The device runtime is an optional resource stack inside xlog-cuda. It gives runtime-backed providers a stream-aware allocator, a process-wide device-memory budget, block-use tracking, and deferred free/reap semantics for non-default stream execution. Default providers can still use the simpler memory manager. Use the device runtime when you need recorded launches, cross-stream dependency tracking, or a shared device budget across long-lived workloads.

Resource Stack

The core trait is DeviceMemoryResource. Implementations compose as decorators:
LayerRole
GlobalDeviceBudgetEnforces a configured byte limit and reports remaining budget.
LoggingResourceEmits allocation/deallocation telemetry when configured.
AsyncCudaResourceAllocates and frees with CUDA async APIs, tracks live and pending bytes, and records stream events.
StreamPoolProvides bounded reusable CUDA streams for recorded operations.
The runtime singleton, XlogDeviceRuntime, is keyed by CUDA ordinal and prepares the resource before first use.

Allocation Lifecycle

A block records:
  • an allocation tag describing the caller;
  • the stream that allocated it;
  • a monotonic generation used to reject stale handles;
  • the last writer event;
  • outstanding read events;
  • live and pending byte accounting.
Before a kernel uses a block on another stream, prepare_block_use waits on the events needed for safe ordering. After the kernel records a read or write, finish_block_use installs the event that future users must respect. A free can be deferred until prior stream work is complete, then reap_pending retires it. The generation check is important: if a pointer address is freed and reused, an old DeviceBlock handle does not silently mutate the new allocation.

Budget Behavior

GlobalDeviceBudget wraps an inner resource and refuses allocations that would exceed the configured limit. It distinguishes:
  • bytes reserved by live allocations;
  • bytes pending deferred free;
  • bytes still available for new work.
The runtime uses this budget to make memory pressure explicit. A route that cannot fit should return an allocation or capacity error, or decline to a fallback path when the caller defines one.

Recorded Launches

Recorded kernel paths use the runtime to preserve ordering across streams:
  1. Acquire or reuse a stream.
  2. Prepare all input and output blocks for that stream.
  3. Launch the kernel through the provider.
  4. Record the block uses.
  5. Reap pending frees when their stream work is complete.
This is the mechanism behind the runtime-backed WCOJ, groupby, join, and solver paths that need reliable non-default stream behavior.

CUDA Version

XLOG’s public release process targets NVIDIA CUDA Toolkit 13.x.

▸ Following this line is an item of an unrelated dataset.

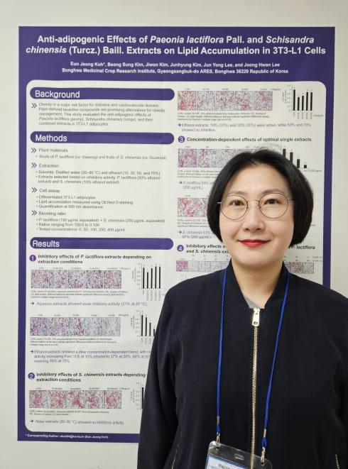 경상북도농업기술원 봉화약용작물연구소 고은정 박사는 지난 16일 충청북도 제천시에서 개최된 ‘2025년 한국약용작물학회 추계학술 발표회’에서 학술발표상을 받았다.고은정 박사는 ‘작약 및 오미자 추출물의 3T3-L1 세포 내 지질축적 억제 효과’를 주제로 연구 결과를 발표했으며, 작약과 오미자 추출물이 지방세포 내 지질축적을 효과적으로 억제함으로써 비만 예방 및 체지방 감소 기능성 소재로의 활용 가능성을 제시한 점에서 높은 평가를 받았다.봉화약용작물연구소는 이번 연구성과를 바탕으로 지난 5월 체지방 감소 효과를 갖는 작약 추출물 및 작약·오미자 복합추출물 제조방법에 대한 2건의 특허를 출원했으며, 약용작물 기반 기능성 소재의 산업화 가능성을 한층 높였다.이번 수상은 봉화약용작물연구소가 지속적으로 추진해 온 약용작물의 기능성 검증과 산업화 연구가 결실을 맺은 것으로, 향후 약용작물 산업화 연구의 방향을 제시한 의미 있는 성과로 평가된다.또한, 이번 연구는 경북 지역특산 약용작물의 과학적 가치를 입증하고, 농가 소득 증대와 연계한 모델 구축에 이바지할 것으로 기대된다.조영숙 경상북도농업기술원장은 “지역특산 약용작물의 경쟁력 강화를 위해서는 고부가기치화와 산업화가 필요하다”며 “앞으로도 지역 약용작물을 활용한 기능성 소재 개발과 산업화 연구를 통해 지역 농가 소득 향상과 산업 기반 강화에 기여하겠다”고 말했다.

The workspace currently uses the cudarc cuda-12040 feature as a driver API binding level; that is not the same thing as the toolkit requirement.

Failure Modes

Device-runtime failures should be surfaced as explicit resource errors:
  • allocation over budget;
  • stale block use after free;
  • invalid stream or generation state;
  • CUDA allocation/free failure;
  • inability to satisfy a launch dependency.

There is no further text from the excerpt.